1 is a perspective view of a first magnetic wall hanging system; FIG. FIG. 2 is a two-sided view of a magnetic sheet on the side of a magnetic wall in the first magnetic wall hanging system; FIG. 4 is a two-sided view of the magnet sheet on the side of the fastener in the first magnetic wall hanging system; FIG. 11 is a side view showing an example of use of the first magnetic wall hanging system; FIG. 5 is a side view for explaining the acting force and the relative positional relationship between the two magnet sheets in FIG. 4; FIG. 11 is a diagram for explaining a second magnetic wall hanging system; FIG. 10 is a side view for explaining the acting force and the relative positional relationship between the two magnet sheets in the second magnetic wall hanging system; It is an enlarged view of the dashed-dotted line part of FIG.7(b). Fig. 10 is a perspective view of a third magnetic wall-hanging system; FIG. 11 is a front view showing a magnet sheet used in a third magnetic wall hanging system; FIG. 11 is an exploded perspective view showing a modification of the third magnetic wall-hanging system;

[First magnetic wall hanging system]
FIG. 1 is a perspective view showing a first magnetic wall hanging system 1, where (a) is an external view and (b) is a partially exploded view. FIG. 2 is a two-sided view of the magnet sheet 21 on the side of the magnetic wall 10 in the first magnetic wall hanging system 1, where (a) is a front view and (b) is a side view. 3A and 3B are two views of the magnet sheet 51 on the side of the fastener 50 in the first magnetic wall hanging system 1, where (a) is a front view and (b) is a side view.
In addition, in these figures including each figure described later, the three axes of the orthogonal coordinate system are XYZ, and the wall surface 11 of the magnetic wall 10 is assumed to be perpendicular to the XY plane and parallel to the ZX plane. Also, the figures are not necessarily drawn to scale, and some elements thereof are merely drawn for clarity of the invention.

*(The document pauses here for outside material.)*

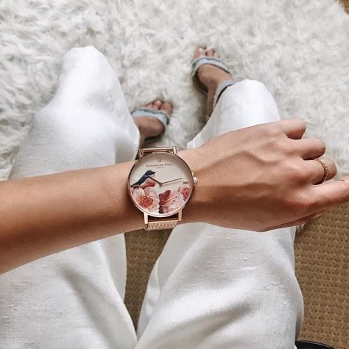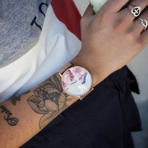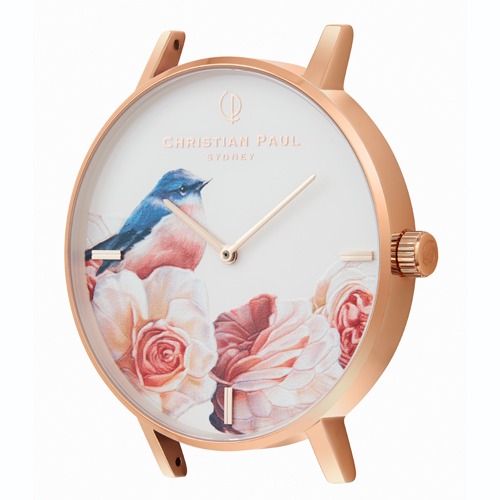 花柄に小鳥という可愛らしい、パッと目につく大胆で個性的なデザインの腕時計です。
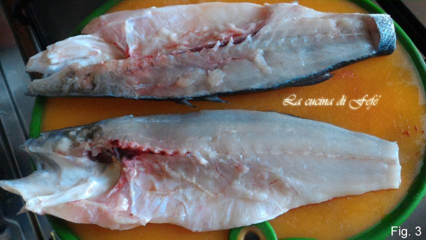 • Spoel de al gefileerde zeebaarsfilets af onder stromend water, ontdaan van ingewanden en edele resten (die je kunt hergebruiken voor het maken van een bouillon) en dep ze droog met keukenpapier (fig. 3).

The first magnetic wall hanging system 1, as shown in FIG. The hook 50 is hooked to the wall surface 11 of the magnetic wall 10 by magnetic attraction between the magnetic sheet 51 and the magnet sheet 51 .

The magnetic wall 10 includes a magnetic wall material sheet 20, a soft magnetic board 30, and a wall base 40, as shown in FIG. 1(b).

The magnetic wall material sheet 20 is configured by laminating a wall material film 25 on a magnet sheet 21 via, for example, a urethane-based adhesive.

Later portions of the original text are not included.